[Dataset entries]
--- START ---

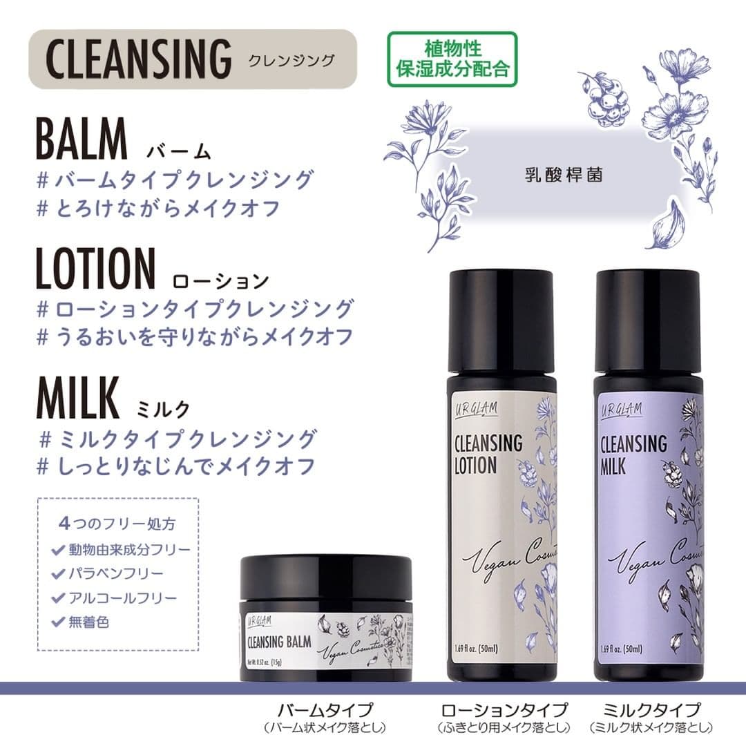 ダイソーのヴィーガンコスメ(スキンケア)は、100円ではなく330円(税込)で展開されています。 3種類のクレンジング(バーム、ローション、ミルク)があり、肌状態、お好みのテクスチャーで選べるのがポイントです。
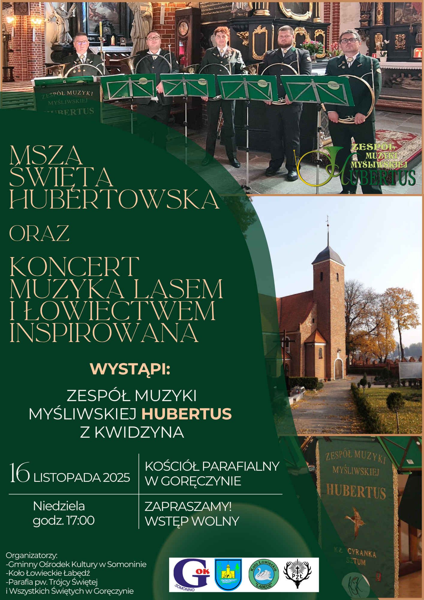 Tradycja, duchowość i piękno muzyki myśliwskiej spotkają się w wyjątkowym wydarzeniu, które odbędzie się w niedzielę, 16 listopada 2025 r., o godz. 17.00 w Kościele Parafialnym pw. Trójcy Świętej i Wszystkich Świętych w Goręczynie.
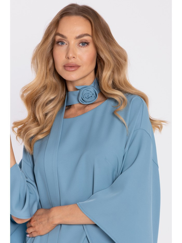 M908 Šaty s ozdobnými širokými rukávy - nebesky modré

--- END ---
--- START ---

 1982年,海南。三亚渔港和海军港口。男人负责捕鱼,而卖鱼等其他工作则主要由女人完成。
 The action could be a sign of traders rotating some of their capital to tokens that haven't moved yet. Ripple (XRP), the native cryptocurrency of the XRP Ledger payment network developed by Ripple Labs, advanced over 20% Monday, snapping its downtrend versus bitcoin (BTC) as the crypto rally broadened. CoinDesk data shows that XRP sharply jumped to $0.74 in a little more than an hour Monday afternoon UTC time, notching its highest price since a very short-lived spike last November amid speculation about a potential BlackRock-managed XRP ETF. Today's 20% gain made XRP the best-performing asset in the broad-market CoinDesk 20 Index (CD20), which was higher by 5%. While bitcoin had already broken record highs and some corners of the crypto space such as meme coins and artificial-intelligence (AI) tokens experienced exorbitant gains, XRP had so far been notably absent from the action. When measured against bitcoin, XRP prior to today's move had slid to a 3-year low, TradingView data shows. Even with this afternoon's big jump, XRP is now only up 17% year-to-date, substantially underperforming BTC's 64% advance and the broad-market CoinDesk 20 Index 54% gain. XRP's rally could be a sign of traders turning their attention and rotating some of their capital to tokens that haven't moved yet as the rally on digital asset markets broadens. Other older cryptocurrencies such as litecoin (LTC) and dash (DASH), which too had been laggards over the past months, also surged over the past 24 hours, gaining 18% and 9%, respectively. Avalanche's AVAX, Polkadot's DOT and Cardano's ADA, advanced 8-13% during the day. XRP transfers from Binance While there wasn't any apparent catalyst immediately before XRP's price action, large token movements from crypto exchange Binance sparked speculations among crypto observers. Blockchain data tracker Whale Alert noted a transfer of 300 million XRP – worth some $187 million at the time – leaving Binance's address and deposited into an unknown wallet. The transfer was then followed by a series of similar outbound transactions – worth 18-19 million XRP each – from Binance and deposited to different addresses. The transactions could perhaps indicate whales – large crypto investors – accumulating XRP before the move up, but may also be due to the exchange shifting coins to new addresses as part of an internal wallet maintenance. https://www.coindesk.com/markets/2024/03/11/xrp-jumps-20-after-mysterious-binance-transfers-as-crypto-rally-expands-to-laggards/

--- END ---

[Exercise aim]
Leave the pictures out. Output, exactly, the lines of the material above starting at the line containing "ダイソーのヴィーガンコスメ(スキンケア)" and ending at the line containing "M908 Šaty s".

[Response to the exercise]
 ダイソーのヴィーガンコスメ(スキンケア)は、100円ではなく330円(税込)で展開されています。 3種類のクレンジング(バーム、ローション、ミルク)があり、肌状態、お好みのテクスチャーで選べるのがポイントです。
 Tradycja, duchowość i piękno muzyki myśliwskiej spotkają się w wyjątkowym wydarzeniu, które odbędzie się w niedzielę, 16 listopada 2025 r., o godz. 17.00 w Kościele Parafialnym pw. Trójcy Świętej i Wszystkich Świętych w Goręczynie.
 M908 Šaty s ozdobnými širokými rukávy - nebesky modré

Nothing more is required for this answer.